** Opening DATASET SECTION block **
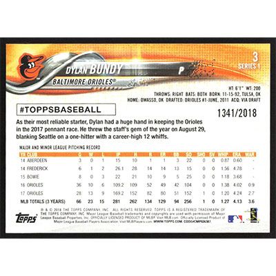 This is a 2018 Topps Gold Dylan Bundy baseball card. The card is #3 and pictures show condition. This card is limited; #'d 1341/2018. Team(s): Baltimore Orioles
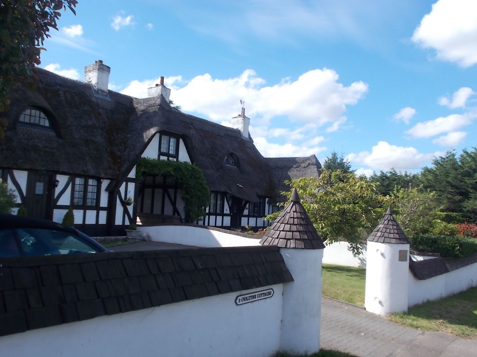 Next leg was the walk from Moor Park Station through the very exclusive Moor Park estate. The vast mansions were all unique. Quite a few originally were Arts and Crafts style. No walkers, however quite a few Bentleys and Ferraris were passed on route. From Batchworth Heath we crossed the famous Moor Park golf course with the 17th century Palladian palace at the centre. We chatted to some golfers at the carved tree. One had copied Sir John's air shot at the Mansion. We then descended to Rickmansworth old town. For perhaps the first time in history we managed two Wetherspoons in one walk. Over lunch Rob and new Peter recounted some amusing yarns before we set out for the last leg from Amersham.
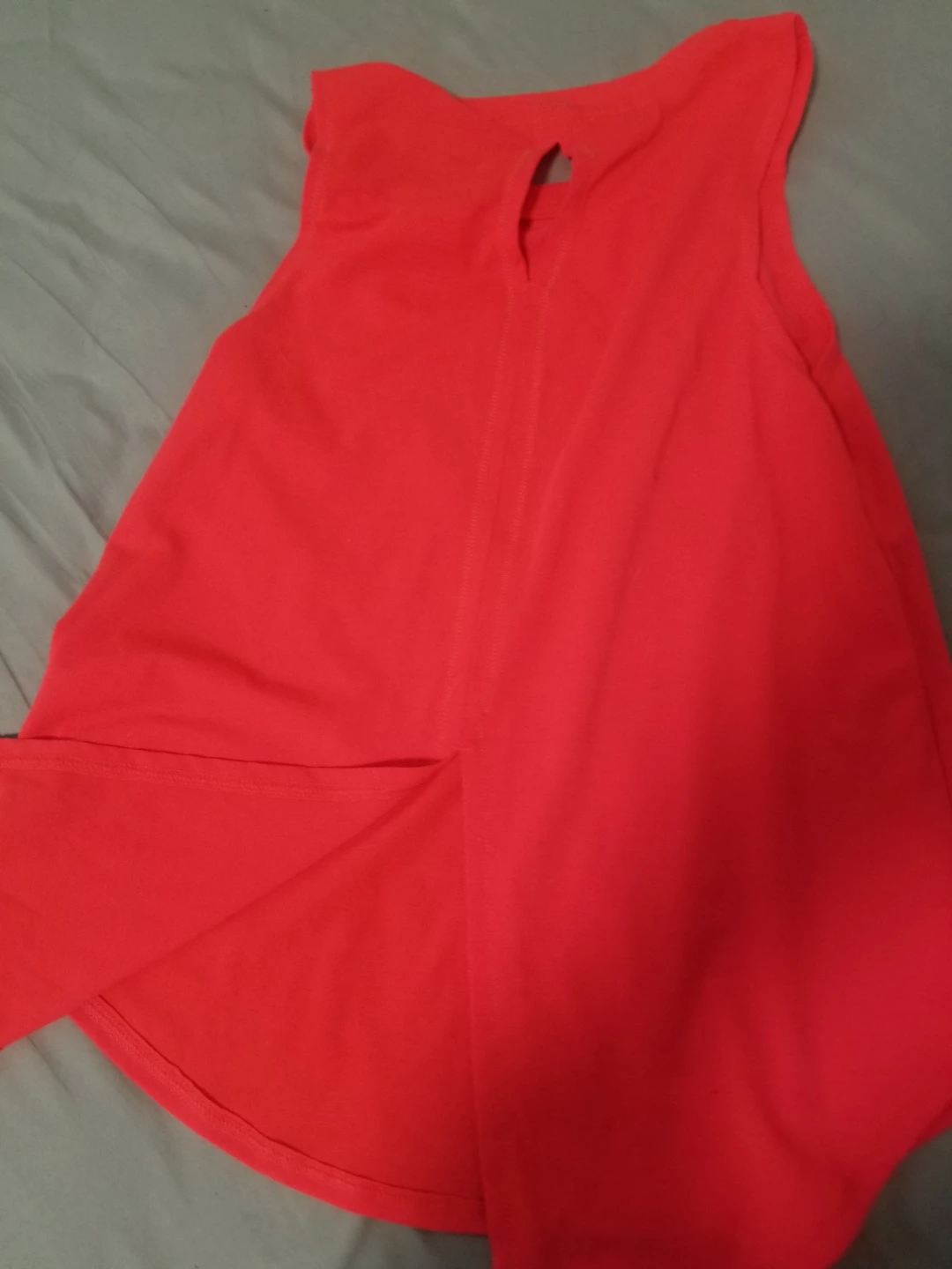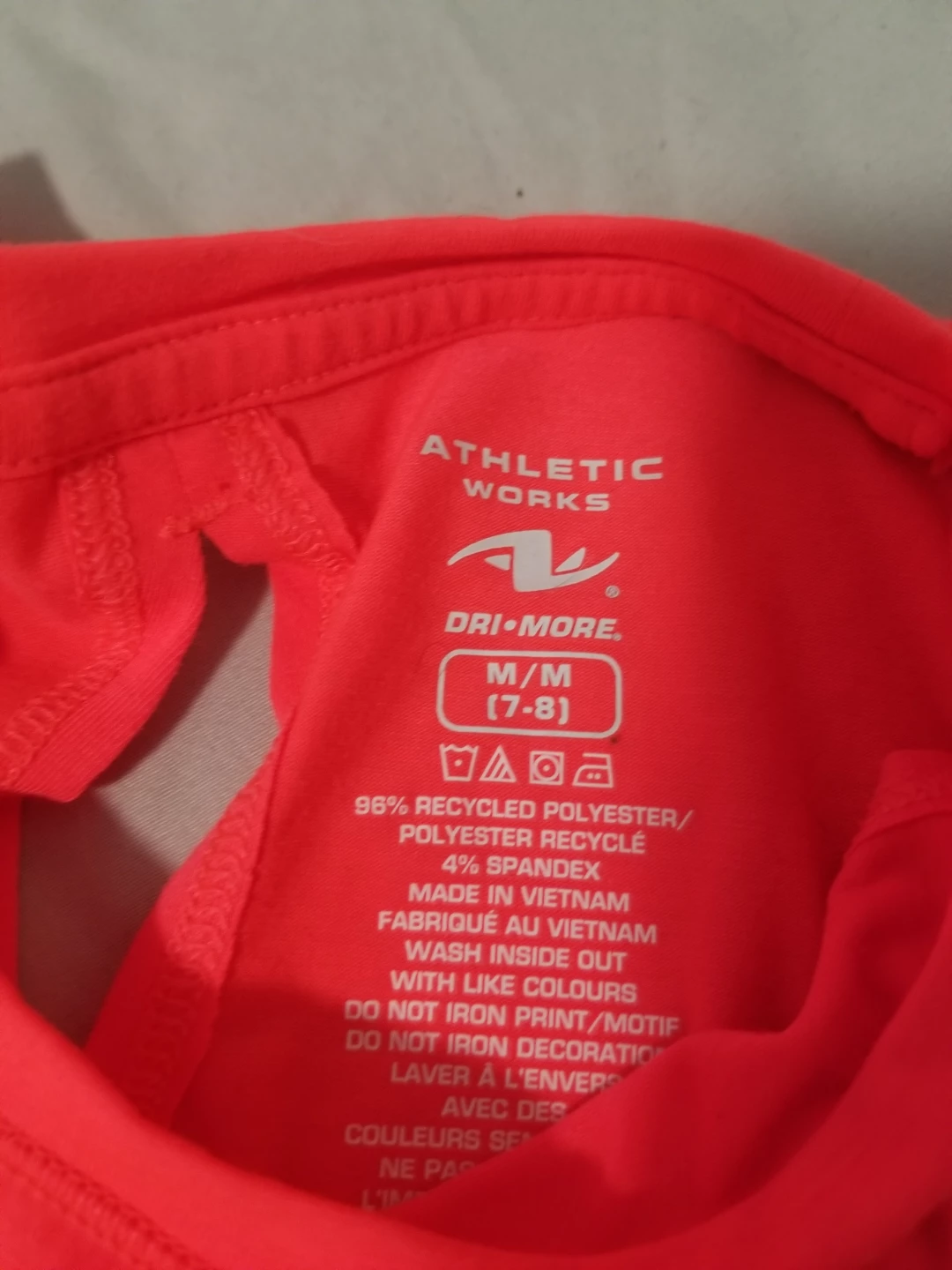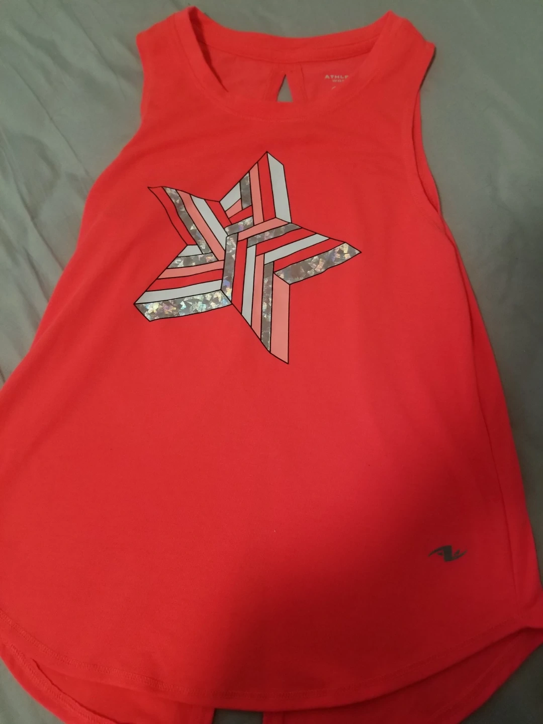 This is a bright coral Athletic Works tank top for girls. It's a size M (7-8) and made from 96% recycled polyester and 4% spandex. It features a cool star design on the front and a stylish open back detail
** Closing DATASET SECTION block **
**TASK GOAL**
An exact, image-free transcript of the material is required.

**SOLUTION BELOW**
 This is a 2018 Topps Gold Dylan Bundy baseball card. The card is #3 and pictures show condition. This card is limited; #'d 1341/2018. Team(s): Baltimore Orioles
 Next leg was the walk from Moor Park Station through the very exclusive Moor Park estate. The vast mansions were all unique. Quite a few originally were Arts and Crafts style. No walkers, however quite a few Bentleys and Ferraris were passed on route. From Batchworth Heath we crossed the famous Moor Park golf course with the 17th century Palladian palace at the centre. We chatted to some golfers at the carved tree. One had copied Sir John's air shot at the Mansion. We then descended to Rickmansworth old town. For perhaps the first time in history we managed two Wetherspoons in one walk. Over lunch Rob and new Peter recounted some amusing yarns before we set out for the last leg from Amersham.
 This is a bright coral Athletic Works tank top for girls. It's a size M (7-8) and made from 96% recycled polyester and 4% spandex. It features a cool star design on the front and a stylish open back detail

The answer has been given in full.